UBER could not say if it plans to expand its service using anything but commercial drivers.
"It is an interesting market for us. We saw there was pre-existing demand here. We can tell when people are looking to get UBER rides when they turn on the app in different cities. So Honolulu has been on the radar for some time," said Campos.
Tech-savny travelers maybe -- but are there enough local customers willing to shell out the money for a personal driver?
This driver hopes so he has had a number of repeat customers so far this month.
"I already feel like I am their best friend. So when we see each other we greet each other as if we know. So, when we see each other truly feel like I am their personal chauffeur," said Wood.
Local taxi companies aren't sure what to make of UBER.
Black car service is one thing. The head of The Cab worries what it could morph into and how he may have to rethink his operation.

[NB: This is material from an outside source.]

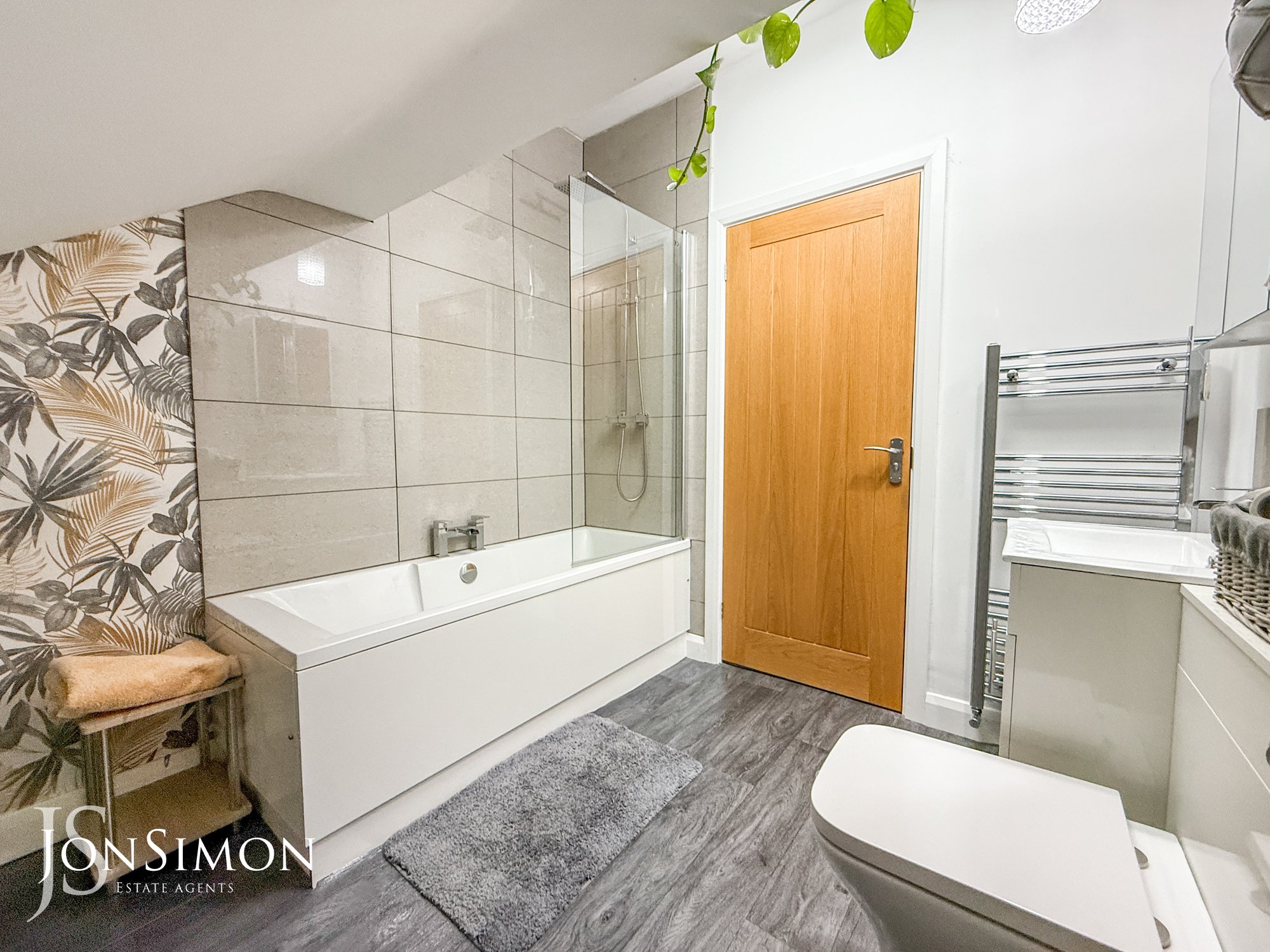 A modern two-piece white suite comprising of a low-level WC, wash hand basin, part tiled walls, chrome towel radiator, tiled flooring, extractor unit and ceiling point.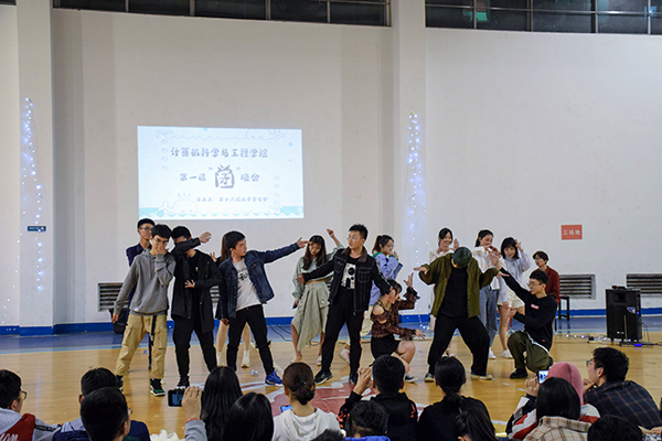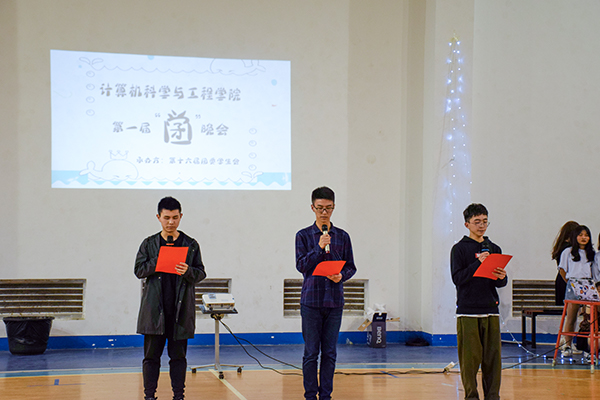 为本次晚会拉开序幕的是由16、17和18级年级总支带来的《夜空中最亮的星》,他们用歌声告诉大家,要永远年轻、永远好奇张望,不忘初心努力地追逐梦想。第三个出场的权益保障部带来了改编歌曲《北京东路的日子》,他们融入计算机的元素,用一个ppt讲述了这一年的经历,感动之余,亦让我们真切感受到他们为了员工权益所付出的努力。而后,宣传部用“新闻播报”的方式将女生节、考试作弊、国潮女生走秀三个场景还原得淋漓尽致。体育部和就业服务部则采用男扮女装反串的形式,别开生面地演绎了白雪公主的曲折爱情及罗密欧与朱丽叶的凄美故事,将本次晚会的气氛推至高潮。

"The company has to have accountability. We are here. We have skin in the game we have spent a ton of money making sure we can dispatch calls to the customers," said Howard Higa.
But Higa admits he already has plans to roll out an app of own.
Regulators will be watching the company’s growth.
City officials have not taken a position on UBER.
They have jurisdiction if meters are involved, otherwise regulation would fall under the Public Utilities Commission.
UBER maintains it's a software, not a transportation company.
But it was also just slapped with a patent lawsuit over it's vehicle tracking system. New technology, new growing pains.